Green Lentil Salad with Spiced Carrots Recipe
- Prep time: 15 minutes
- Cook time: 15 minutes
- Total time: 4.5 hrs
- Serves: 3 people
- Vegetable peeler
- Cutting board
- 2 mixing bowls, one large and one small
- Chef’s knife, large serrated knife for cutting lettuce
Ingredients for Green Lentil Salad With Spiced Carrots
- 2 large carrots, peeled and turned and shaved into ribbons with vegetable peeler
- 2 tablespoons organic raisins, roughly chopped (optional)
- 3 tablespoons of organic lemon juice
- 1 ½ tablespoon of organic Dijon mustard
- 1 tablespoon of organic extra virgin olive oil
- 1 tablespoon of organic maple syrup
- 1/8 teaspoon of organic ground cumin
- 1/8 teaspoon of organic garam masala
- 1/8 teaspoon of Himalayan crystal salt or sea salt
- Freshly ground organic black pepper, to taste
Green Lentil Salad
- 4 small heads of organic Romaine lettuce, finely chopped
- 2 cups of organic baby spinach
- 1 cup of organic green lentils, soaked overnight and cooked until tender
- 2 stalks of organic spring onion, finely chopped
- 3 tablespoons fresh organic parsley
- 3 tablespoons fresh organic mint
- 3 tablespoons fresh organic cilantro (optional)
- Shave your carrots into long, thin strips using a vegetable peeler.

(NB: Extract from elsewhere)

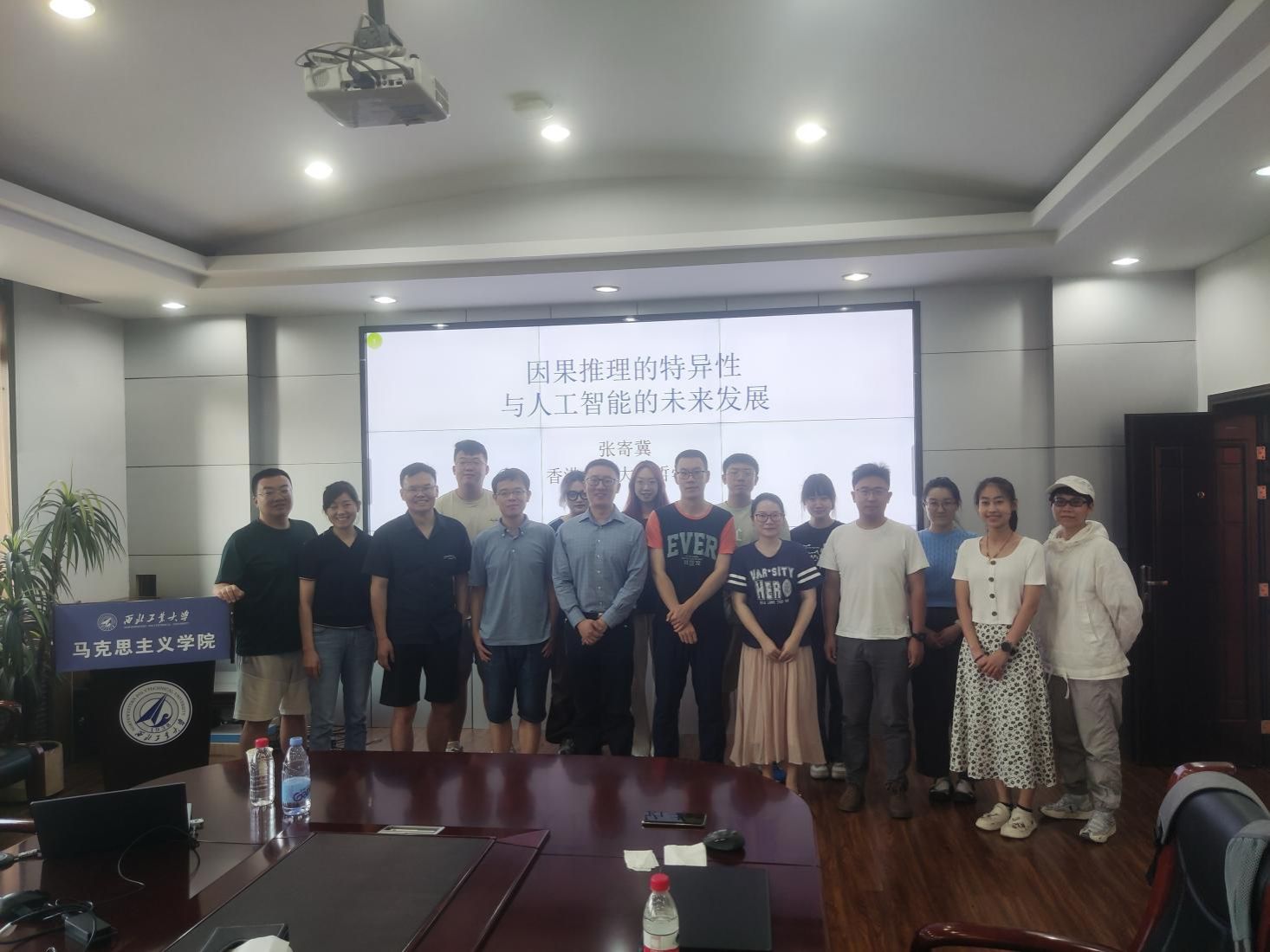 本次沙龙邀请了香港中文大学文学院哲学系教授张寄冀作为主讲嘉宾,以《因果推理的特异性与人工智能的未来发展》为题,为诸位学者及与会学生带来了一场精彩的学术报告。同时,也吸引了多位高校学者参与,包括西安电子科技大学的苏丽和王雨程、西北大学的马醒初、空军军医大学的张瑜,以及调教漫画

Add them to your mixing bowl.
- On a cutting board, roughly chop the raisins and add to carrots.
- In a glass jar or other sealed container, combine lemon juice, mustard, olive oil, maple syrup, cumin, garam masala, salt, and black pepper. Seal and shake well.
- Pour mixture on top of the carrots and stir until well coated. Set aside to marinate while you prepare the salad.
Green Lentil Salad
- Combine Romaine lettuce, baby spinach, green lentils, spring onion, parsley, mint, and cilantro in a large mixing bowl.

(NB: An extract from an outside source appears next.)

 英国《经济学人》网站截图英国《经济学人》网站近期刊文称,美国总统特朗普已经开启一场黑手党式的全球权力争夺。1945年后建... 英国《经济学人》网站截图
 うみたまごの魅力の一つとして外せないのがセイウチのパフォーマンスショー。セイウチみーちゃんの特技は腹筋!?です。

- Add the spiced carrots, stir well, and enjoy!
A Word About Cilantro
The cilantro is entirely optional, but I think it’s a great addition and it pairs quite nicely with the spices in this recipe. I personally regard the amount of cilantro in this recipe as more of a “suggested minimum” and quadruple the amount for maximum taste and enjoyment.

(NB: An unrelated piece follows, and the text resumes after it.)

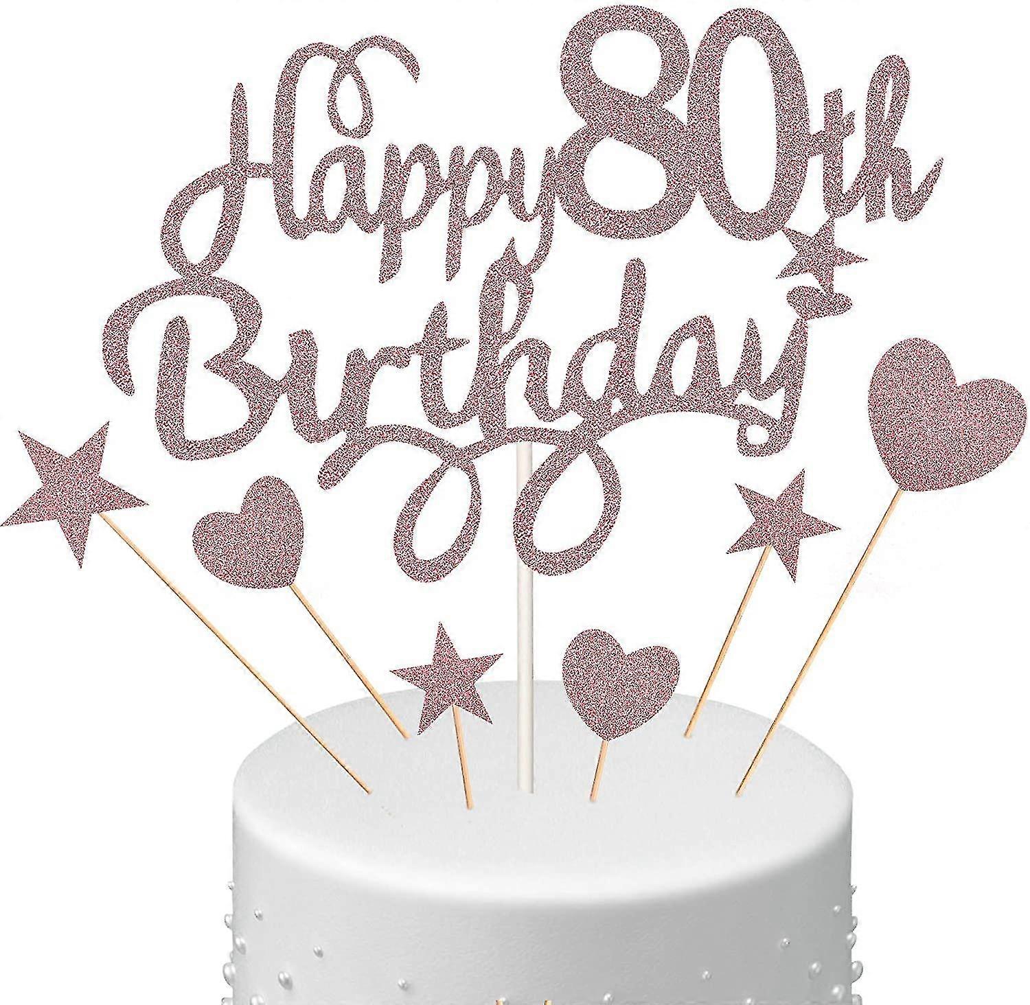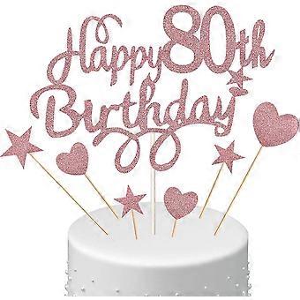10pcs 80th Birthday Cake Toppers For Ladies Women, Happy 80th Birthday Cake Topper With Star Heart Cake Topper

- Chan, M, Furong Wang, and Elizabeth A Holly. “Vegetable and Fruit Intake and Pancreatic Cancer in a Population-Based Case-Control Study in the San Francisco Bay Area.” Cancer Epidemiology Biomarkers & Prevention 14.9 (2005): 2093–2097. Web. 1 Aug. 2016.
- Boggs, Deborah A, et al. “Fruit and Vegetable Intake in Relation to Risk of Breast Cancer in the Black Women’s Health Study.” American Journal of Epidemiology 172.11 (2010): 1268–1279. Web. 1 Aug. 2016.
- Wilkens, Lynne R, et al. “Vegetables, Fruits, Legumes and Prostate Cancer: A Multiethnic Case-Control Study.” Cancer Epidemiology Biomarkers & Prevention 9.8 (2000): 795–804. Web. 1 Aug. 2016.
- Publishing, Scientific Research. “Nutritional and Health Benefits of Carrots and Their Seed Extracts.” Food and Nutrition Sciences 05. (2014): 2147. Web. 1 Aug. 2016.
- Foster, Steven, and Rebecca L Johnson. “National geographic” Desk Reference to Nature’s Medicine. Washington, D.C.: National Geographic Society, 2008. ebook.
- ISHS. Chronica HORTICULTURAE. A PUBLICATION OF THE INTERNATIONAL SOCIETY FOR HORTICULTURAL SCIENCE. 2011. Web. 1 Aug. 2016.
- “The Royal History of the… Carrot??” RNW Media, n.d. Web. 1 Aug. 2016.
- Denker, Joel. “The Carrot Purple.” Food Passages. Food Passages, n.d. Web. 1 Aug. 2016.